3. The stress-strain triaxial shear test device according to claim 2, further comprising: an air source device;

The air source equipment is connected with the air cylinder.

4. The stress-strain triaxial shear test device according to claim 1, wherein said specimen package includes: the water pressure bag, the top permeable stone and the bottom permeable stone;

The hydraulic pressure bag is provided with a sample accommodating cavity, the top permeable stone is fixed at the top of the sample accommodating cavity, the first end of the osmotic pressure pressurizing pipe is arranged at the top surface side of the top permeable stone, the bottom permeable stone is fixed at the bottom of the sample accommodating cavity, and the first end of the counter pressure pressurizing pipe is arranged at the top surface side of the bottom permeable stone;

the dowel bar is abutted between the load sensor and the top of the water pressure bag.
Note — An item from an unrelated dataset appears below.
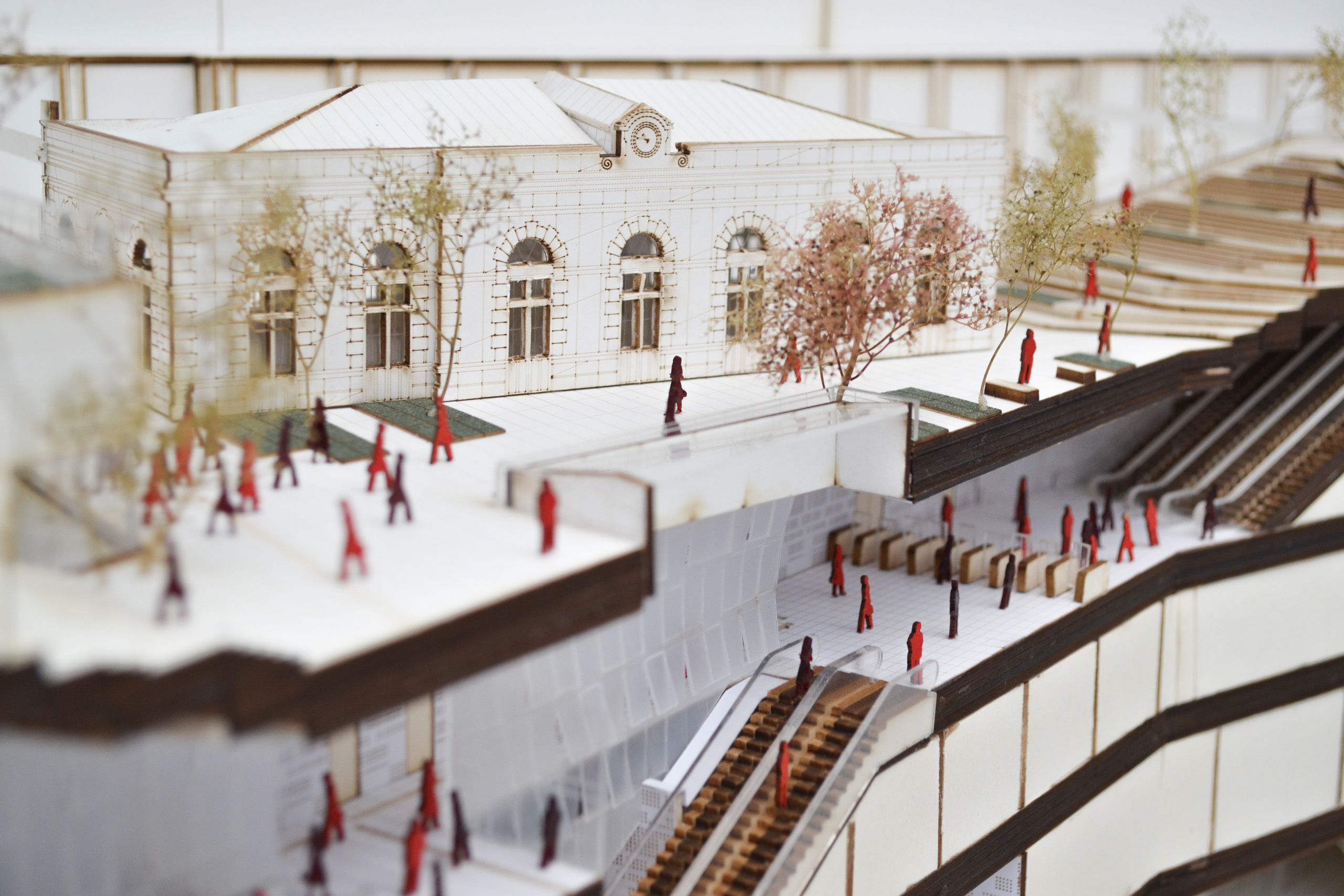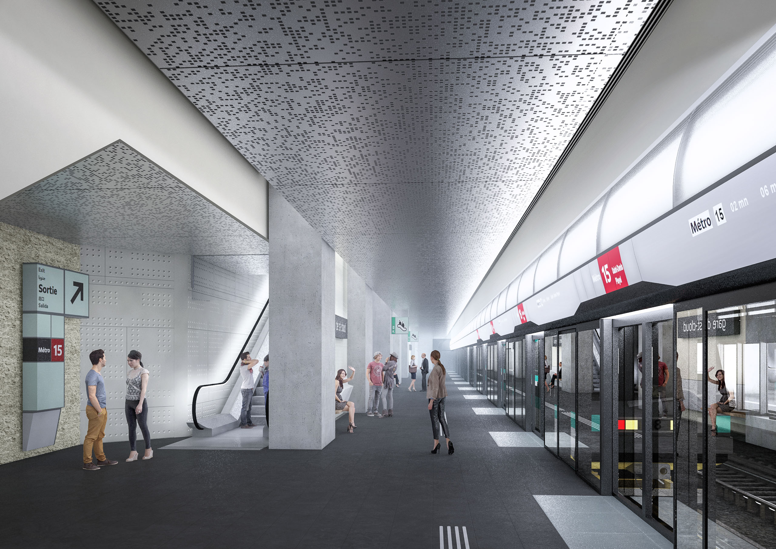 Le site où s’installe le dispositif a vocation d’absorber une double topographie en amorçant notamment la création de circulations piétonnes perpendiculaires à la colline. Le gabarit de la gare limite au maximum les émergences bâties afin de s’intégrer au relief de la colline et de créer une respiration dans la topographie accidentée du territoire. Conçue pour accueillir le transit de 401 voyageurs par minute à l’heure de pointe du matin et 420 à celle du soir, l’organisation de la gare regroupe un espace voyageur central, deux polarités commerciales entre le parvis et la salle d’échange, et un ensemble de locaux techniques nécessaires au fonctionnement général. Une grande verrière fait glisser la lumière naturelle jusqu’au quatrième sous-sol et sert de guide pour les usagers jusqu’à la sortie.

5. The stress-strain triaxial shear test device according to claim 4, wherein the hydraulic bladder is a plastic cylindrical bag.

6. The stress-strain triaxial shear test device according to claim 4, wherein said pressure chamber includes: a pressure chamber upper cover and a pressure chamber base;

The pressure chamber upper cover is fixed on the pressure chamber base to form a confining pressure space, and the confining pressure pressurizing pipe is communicated with the confining pressure space;

The hydraulic pressure bag is fixed on the pressure chamber base.

7. The stress-strain triaxial shear test device according to claim 1, wherein the specifications of the pressure chambers of the three or more sets of force application systems are different from each other.

8. The stress-strain triaxial shear test device according to claim 1, wherein the axial pressure loading unit further includes: a limit switch;

The limit switch is arranged in the moving travel range of the workbench, and is connected with the controller of the servo motor.

9. A stress-strain triaxial shear test method, characterized in that the test operation is performed by using the test device according to any one of claims 1 to 8.